I made an algorithm that finds the median of an ArrayList and bascially all I do is make a temporary ArrayList, then using Collections.sort() on that ArrayList, I can easily get the median. The problem with that is it takes too long for larger files and I am trying(without luck) to find an implementation of an algorithm to get the median of an unsorted Array(or ArrayList).
From what I read here, the Median of Medians algorithm is used followed by QuickSelect but I cannot find an actual implementation that is easy enough to understand.
Here's a snippet of my code that finds the median of an ArrayList of size filterSize
:
while(elements.size()-counter >= filterSize){
for(int i = 0; i<filterSize; i++){
tempElements.add(this.elements.get(i+counter));
if(i==filterSize){
break;
}
}
Collections.sort(tempElements); //Sort tempElements to find median
outputElements.add(tempElements.get((filterSize-1)/2)); //Add median to an output ArrayList after calculating median index
counter++;
tempElements.clear(); //Removes all elements from the tempElements and start again
}
Basically I'm trying to avoid the whole use of Collections.sort()
and tempElements.clear()
in the code, thus the reason to find a better algorithm for finding the median in linear time.
Thanks.
Upvotes: 2
Views: 2683
Reputation: 4661
Just to add to another answer, "Quickselect" for finding the median has very tight running time guarantees if you randomly choose each pivot, namely "almost certain" linear time, meaning that the probability of getting a running time greater than cn goes to 0 very quickly as the constant c grows, as n becomes large. So unless you are worried about odds even less likely than winning the lottery, for all intents and purposes there is a constant c such that you will never see a running time greater than cn, regardless of n.
Upvotes: 1
Reputation: 43477
I think the basic Quickselect algorithm (code below from this link) is quite easy to understand: you pick a pivot, apply Quicksort's partition function and then see where that pivot ends up, recursing accordingly to only one of the halves.

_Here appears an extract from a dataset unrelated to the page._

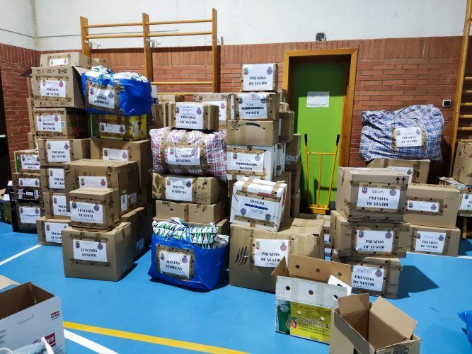 Desde el 10 marzo Protección Civil se encarga de la recogida de ayuda humanitaria para Ucrania en el pabellón cubierto de Alalpardo.

function partition(list, left, right, pivotIndex)
pivotValue := list[pivotIndex]
swap list[pivotIndex] and list[right] // Move pivot to end
storeIndex := left
for i from left to right-1
if list[i] < pivotValue
swap list[storeIndex] and list[i]
increment storeIndex
swap list[right] and list[storeIndex] // Move pivot to its final place
return storeIndex
// Returns the n-th smallest element of list within left..right inclusive
// (i.e. left <= n <= right).
// The size of the list is not changing with each recursion.
// Thus, n does not need to be updated with each round.
function select(list, left, right, n)
if left = right // If the list contains only one element,
return list[left] // return that element
pivotIndex := ... // select a pivotIndex between left and right,
// e.g., left + floor(rand() * (right - left + 1))
pivotIndex := partition(list, left, right, pivotIndex)
// The pivot is in its final sorted position
if n = pivotIndex
return list[n]
else if n < pivotIndex
return select(list, left, pivotIndex - 1, n)
else
return select(list, pivotIndex + 1, right, n)
Compared to median of medians, this can degenerate to O(n^2)
, but you can significantly reduce the chances of that happening by choosing the pivot randomly, like described in the comments.
If you're not happy with an implementation of median of medians that you don't fully understand, I suggest you go for something like this.
Upvotes: 4